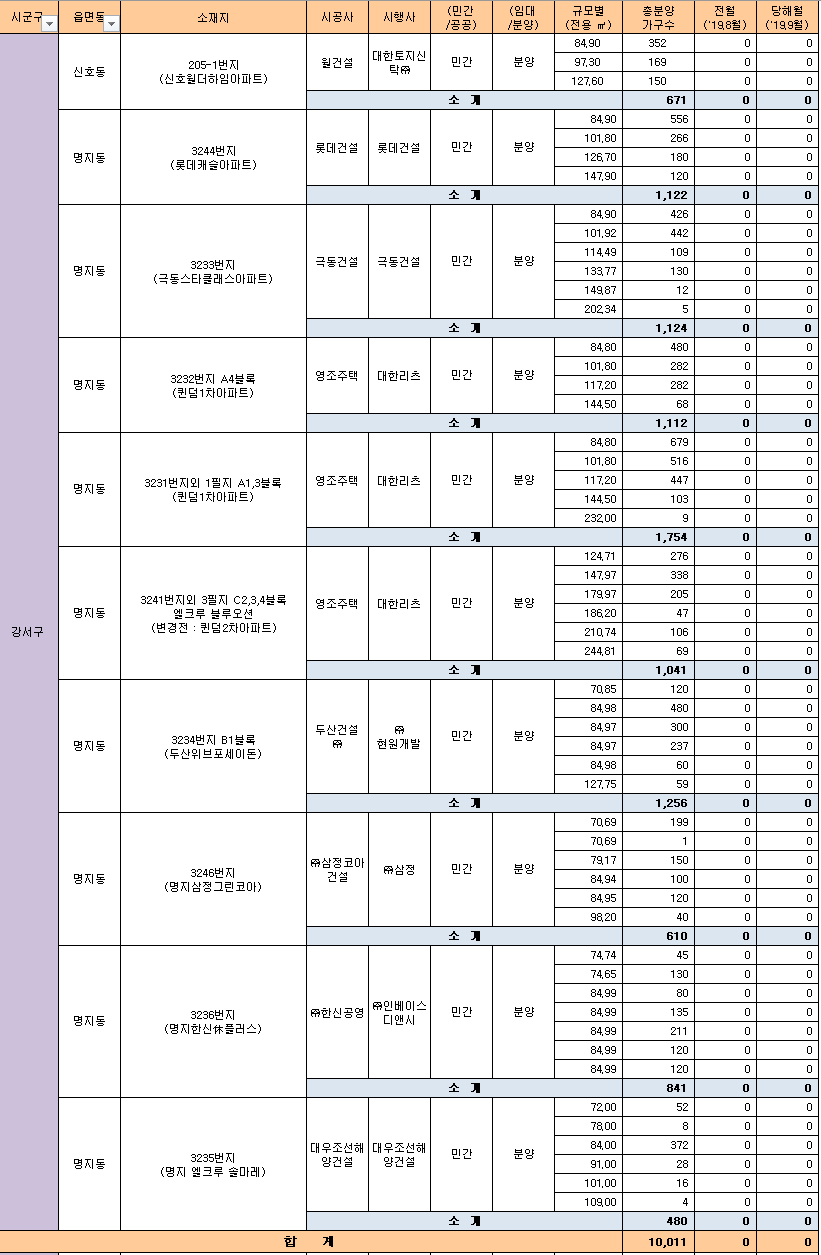 부산시 강서구의 경우 명지신도시 분양이 완료되었으며, 미분양 세대수 0가구로 전 단지 분양이 완료된 상태이다.
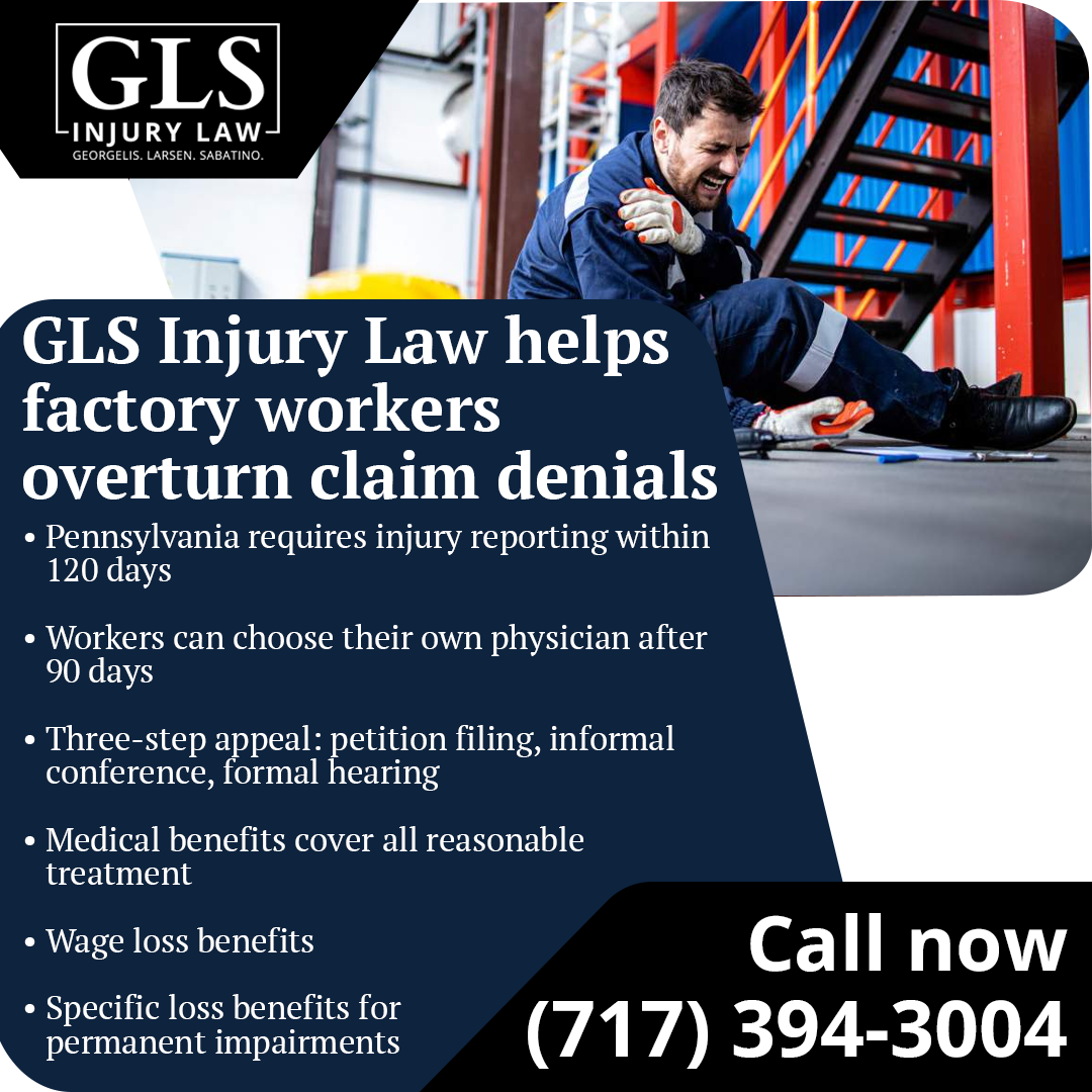 Lancaster, PAGLS Injury Law, P.C. continues helping factory workers throughout Lancaster County recover compensation after the claim denials. The law firm handles hundreds of denied claims annually and fights insurance company tactics designed to avoid paying legitimate benefits to injured workers.
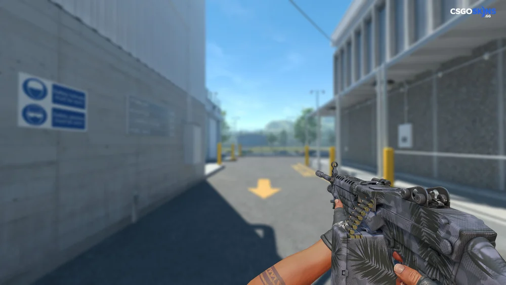 This M249 has been painted in a "Spray-Paint" style, with the Midnight Palm finish. The weapon is spray-painted with multiple coats through stencil patterns. That said, this particular skin has been mostly painted in shades of black. The look of the Midnight Palm finish is affected by its pattern index. The skin uses the new CS2 model.

##############################

Instructions to follow:
No pictures belong in the answer, only the lines from the top of the listing through the line containing "Lancaster, PAGLS Injury", repeated word for word.

Solution to this task:
 부산시 강서구의 경우 명지신도시 분양이 완료되었으며, 미분양 세대수 0가구로 전 단지 분양이 완료된 상태이다.
 Lancaster, PAGLS Injury Law, P.C. continues helping factory workers throughout Lancaster County recover compensation after the claim denials. The law firm handles hundreds of denied claims annually and fights insurance company tactics designed to avoid paying legitimate benefits to injured workers.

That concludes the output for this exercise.